What are Tool Calls?
Tool Calling (a.k.a. Function Calling) makes LLMs more powerful by allowing the model access external APIs like databases, calculators, or the internet. Adding tool calls enables broader workflows. Instead of training the model to handle everything, let it delegate specific tasks to tools. For example, call a weather API instead of asking the model to guess.
Advantages of Tool Calling include:
- Accuracy: Let tools handle tasks they’re specialized for, while the LLM focuses on reasoning and language tasks.
- Composability: Its easier to add or update tools than retraining the entire model.
RAG Architectures - Retrieval first (classic RAG)
In classical RAG (such as LlamaIndex), the retrieval step always happens before tool calling. When a user query is asked: the RAG system retrieves relevant context from its Knowledge Base, and then provides the query + context to an LLM. When generating a response for the user, this LLM can choose to make Tool Calls.
For a Codex as-a-Tool integration with such a RAG Architecture: we can guarantee the system has considered the available knowledge to make an informed response, before it decides to consult Codex for answers. This ensures that all Questions appearing in Codex are those for which the LLM did not think it could produce a good answer. The overall architecture with Codex integrated looks like this:
RAG Architectures - Retrieval as a tool (agentic RAG)
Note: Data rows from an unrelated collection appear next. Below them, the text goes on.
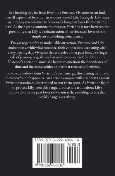 In a bustling city far from Evermore Fortress, Vivienne Arian finds herself captivated by a human woman named Lily. Strangely, Lily bears an uncanny resemblance to Vivienne's long-lost lover from centuries past. As their paths continue to intersect, Vivienne is torn between the possibility that Lily is a reincarnation of her deceased lover or is it simply an astonishing coincidence. Drawn together by an undeniable attraction, Vivienne and Lily embark on a whirlwind romance, their connection deepening with every passing day. Vivienne shares stories of her past love, weaving a tale of passion, tragedy, and eternal devotion. As Lily delves into Vivienne's ancient history, she begins to question the boundaries of time and the complexities of love that transcend lifetimes. However, shadows from Vivienne's past emerge, threatening to unravel their newfound happiness. An ancient vampire with a vendetta against Vivienne resurfaces, determined to tear them apart. As Vivienne fights to protect Lily from this vengeful force, the truth about Lily's connection to her past lover slowly unravels, unveiling secrets that could change everything.
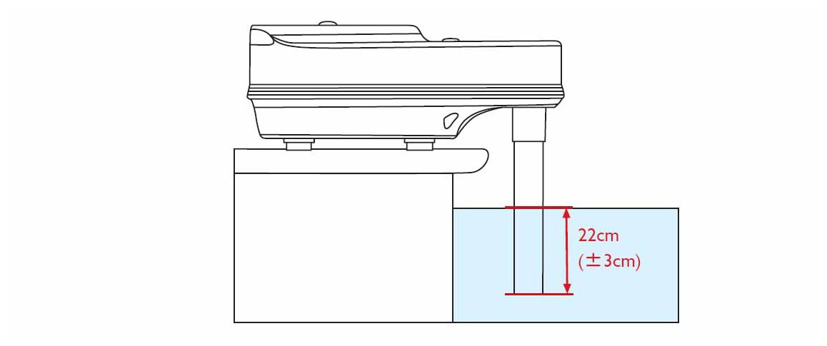 La sonde doit être immergée de 22 cm (± 3cm) pour garantir un fonctionnement optimal.
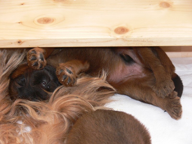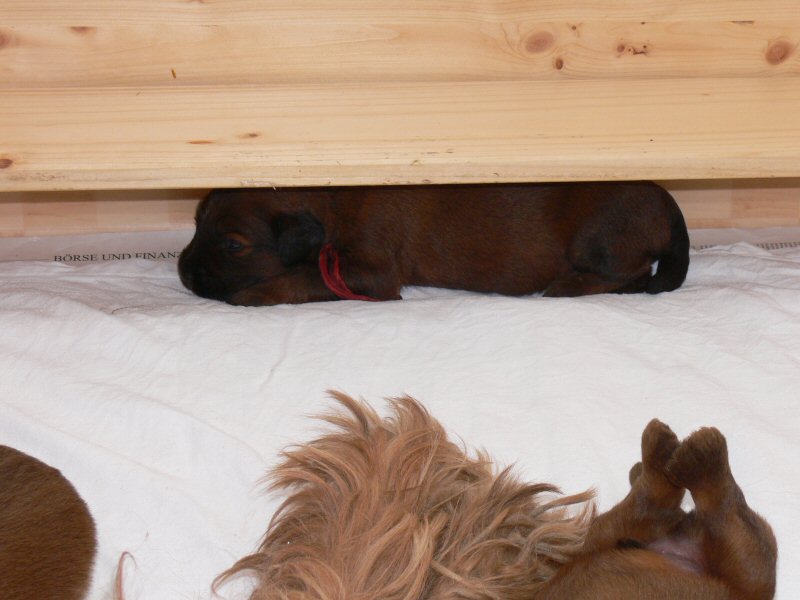 Lilith geht nachts nur noch gelegentlich zu den Welpen, um nach dem Rechten zu sehen. Dunkelgrün hat Lilith und uns vergangene Nacht durch lautes Geschrei geweckt. Er hat es als erster geschafft, den halbhohen Ausgang der Wurfkiste zu überwinden, lag auf dem Fußboden und fühlte sich dort kalt und einsam.
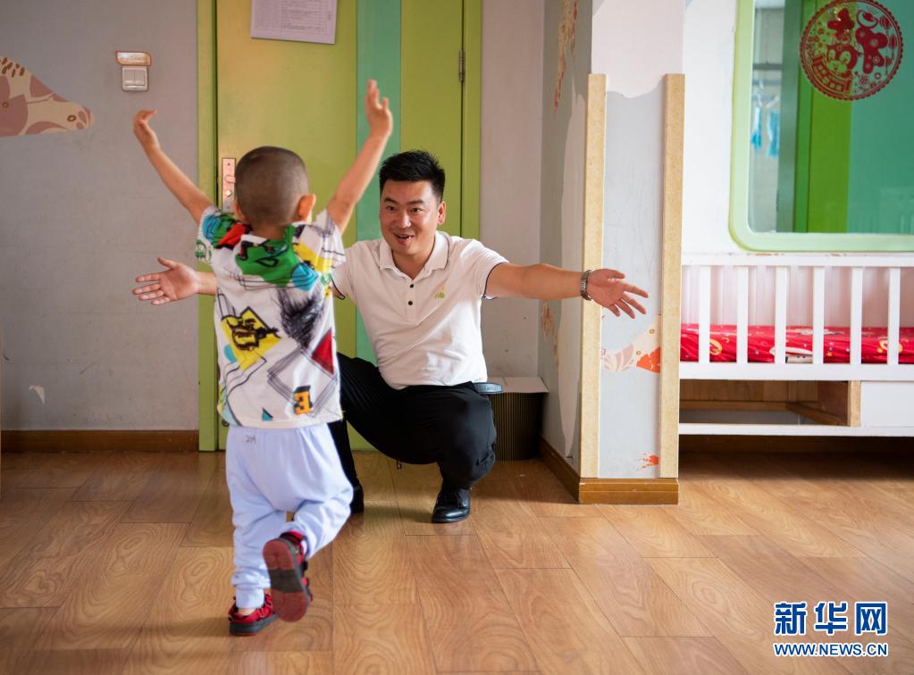 在太原市社會(兒童)福利院,一名小朋友跑向黨龍祥(5月31日攝)。新華社記者 楊晨光 攝
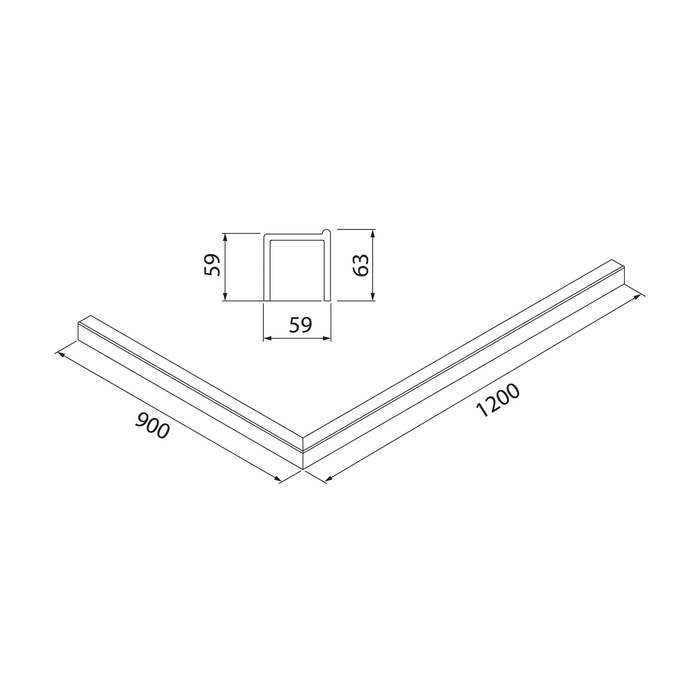 • Сечение профиля — 63х59 мм, подходит к душевому ограждению Slide в размере 1200х900 мм (арт. SLI6BS2i23).

In agentic RAG (such as OpenAI Assistants), retrieval is considered as a tool itself. When a user query is asked: the RAG system decides whether to respond directly, run retrieval to search its Knowledge Base, or call other tools.
For a Codex as-a-Tool integration with such a RAG Architecture: the LLM must decide between performing retrieval or consulting Codex when it does not know the answer. If you allow the LLM to consult Codex without first having performed retrieval, then Codex will be full of Questions that could’ve been answered by your Knowledge Base. To avoid this, modify your system prompt to instruct the Agent to always call the retrieval tool first and then Codex afterward if the answer is still unclear.
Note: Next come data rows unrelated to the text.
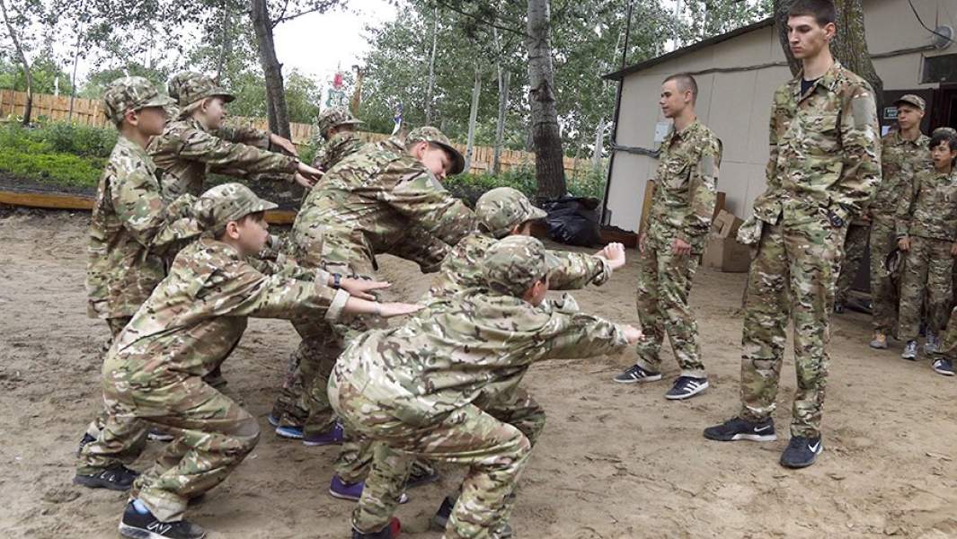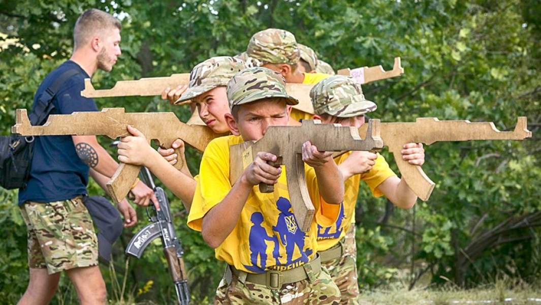 Киевской области. Школьники занимаются военной подготовкой, спортивными тренировками, реконструкциями реальных боев, получают навыки выживания в экстремальных ситуациях. Всё это происходит на фоне массированной идеологической обработки. «Какой у нас девиз? Мы — дети Украины! Пусть Москва лежит в руинах, нам на это наплевать! Мы завоюем весь мир!» — скандируют дети 10-летнего возраста. На их лицах читается злоба и ненависть.
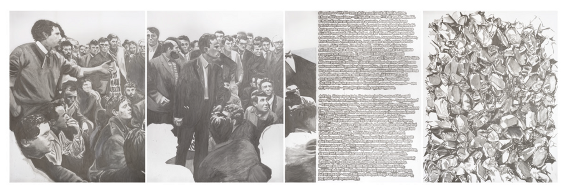 Ce premier panneau contextualisait trop mon propos. On entre à présent directement dans la composition par un groupe de personnages qui évoque la Triennale de Milan en 1968. Giancarlo De Carlo [son commissaire] revendiquait déjà l’idée selon laquelle nous étions trop nombreux : il ne fallait pas construire, mais travailler sur les interstices… L’histoire est une chose organique qui finit par se redéposer dans le temps. À l’origine, deux groupes d’individus s’affrontaient, mais j’en ai retourné un pour qu’ils regardent dans la même direction. Je me suis rendu compte aussi que, sur le troisième panneau, surtout composé de texte, toutes les lettres étaient en réserve, comme le sont aujourd’hui mes Matrices. Cela s’est fait à mon insu. Les choses étaient là, et elles se révèlent progressivement.
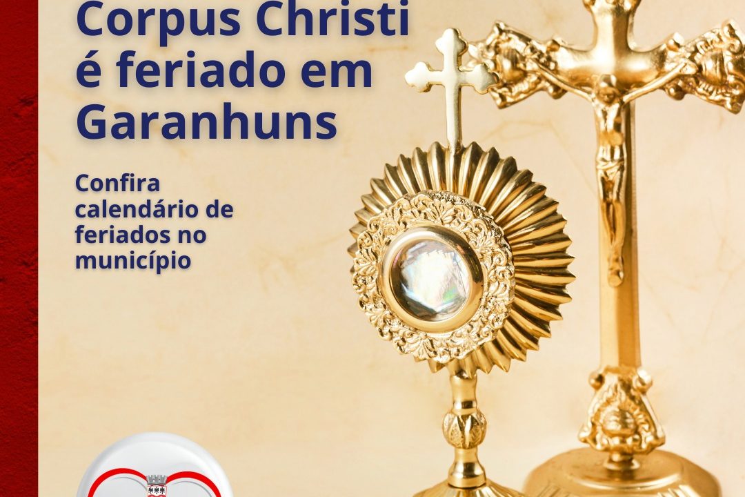 A prefeitura de Garanhuns, através da Secretaria de Administração e da Procuradoria Geral do Município, informa que, conforme Lei Nº 4.752/2021, que revisou a Lei Nº 3946/2013, são considerados feriados municipais as seguintes datas: – Civil: 04 de fevereiro (Elevação de Garanhuns à categoria de Cidade); Religiosos: Sexta-Feira da Paixão (data móvel); Dia de Corpus Christi (data móvel); 13 de junho (Santo Antônio – Padroeiro de Garanhuns); e 24 de junho (São João). Este ano, o Dia de Corpus Christi será em 08 de junho, próxima quinta-feira.

The overall agentic RAG architecture with Codex integrated looks like this:
Codex as a Backup
When integrating Codex as-a-Tool, it can be nontrivial to control when Codex is called. Using a Codex as-a-Backup integration, you can control this programmatically.
In this integration, you first produce the response your RAG app would return to the user (without Codex). Then we assess whether this response is problematic via real-time Eval methods provided in Codex. If the response is detected to be problematic, then we consult Codex to see if it has an answer to the user’s query. If Codex is able to answer, we give the user this answer instead of the original RAG response.
The overall architecture of a Codex as-a-Backup integration looks like this:
The Codex API provides methods to automatically detect RAG responses which are: untrustworthy (potentially incorrect), or unhelpful (such as saying ‘I don’t know’).